Nevermore - Tormented soul

This is my first fanfic so take it easy, it is based upon the DotA heroes Nevermore and Leshrac, feedback is appreciated

So this was it then? I'm being sucked in with the rest of the worthless? Trapped within that body of suffering? The black fiend has thwarted me, my only salvation is that more suffering means nothing to me; I am after all Torment Incarnate.

In my final moments I recalled how I was hired by the Sentinels, I recalled Zeus approaching me, granting me his aid in battle, his gift! The ability to strike down thunder on my foes, oh how I long to the time when I first slew a ghoul! The sheer joy of shattering it to a million pieces by sheer will! I recalled the Chieftain's training, how Cairne had taught me to see into the earth, how to coax it, to ask it to do my bidding, and then I recalled the promise I made, the edict I was hell-bent on fulfilling, the deal I struck with Lucifer's master. I recalled it all not with a sense of pride at what I accomplished, I recalled it in the hope that the nostalgia that it brought about was powerful enough to break this fiends grip, after all I was chosen to end the reign of his shadows once and for all, I would be the Leshrac Purifier of the Land. Instead here I am so close to victory especially after I met my demise.

I recalled the duel vividly; I recalled the flow of the water beneath my hooves, the seeping of the red staining the water, the river that was the boundary of safety. I recalled the stripping of bark off my soldiers, the skinning of the ghouls' flesh, the implosions of the necromancers as I struck them with a green bolt of magic, then I recalled his contour as he entered my sight, I recalled his arrogant poise, his evil malignant snarl, his vile ugly hands, those tainted hands that sent forth pieces of his never-ending body, a body imbued with the essence of the people he slaughtered, I know all that simply because now I am one with the slaughtered.

I recalled his taunting, the joy within me as I willed the power of Zeus to strike him, the disappointment as he vanished from sight with a puff, a mere illusion. The only thing i knew about him was that he is an evil to be purged from the world, not only because he was a great scourge leader, but because he had killed me. He killed me before yet he did not contain my soul, no he released me. He didn't grant my soul peace. He bestowed torment upon me. He didn't allow me to immerse myself with my brethren, he condemned me to a life of misery, and as the battle progressed and I approached my death I savored the sweet moment, the irony! The rejected soul, strikes the rejecter at the height of his power, is it not amusing? He shed my body away, yet I lived! Now as I travel through the air and strike him with a vengeful edict, my diabolical edict, simultaneously attacking him with nova, I watch him stand there and laugh..

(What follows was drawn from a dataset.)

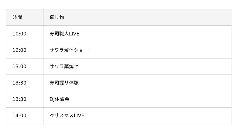 クリスマスらしい雰囲気の中で、握り寿司の実演や手作りリースなど「音楽×グルメ」が楽しめます。

How could this be? How could be laughing and weave such a powerful spell matrix? How could he create such immense power by the sheer movement of two hands? Then I understood it, the source of his giddy, he enjoyed it. He took pleas-I was cut short. Not because my spells hit, no. The sheer power of the sounds, the howls, and the noise, railed upon my spirit, I was being crushed, I felt torment, and I felt the souls pass within me, I was struck with a force so terrible I was vanquished, and all I could think of was one thing, how could he have known that I was still alive if he had not attempted to claim my soul? I had proved to my tormentor that I am worthy of his attention, and for that I was eternally and momentarily satisfied.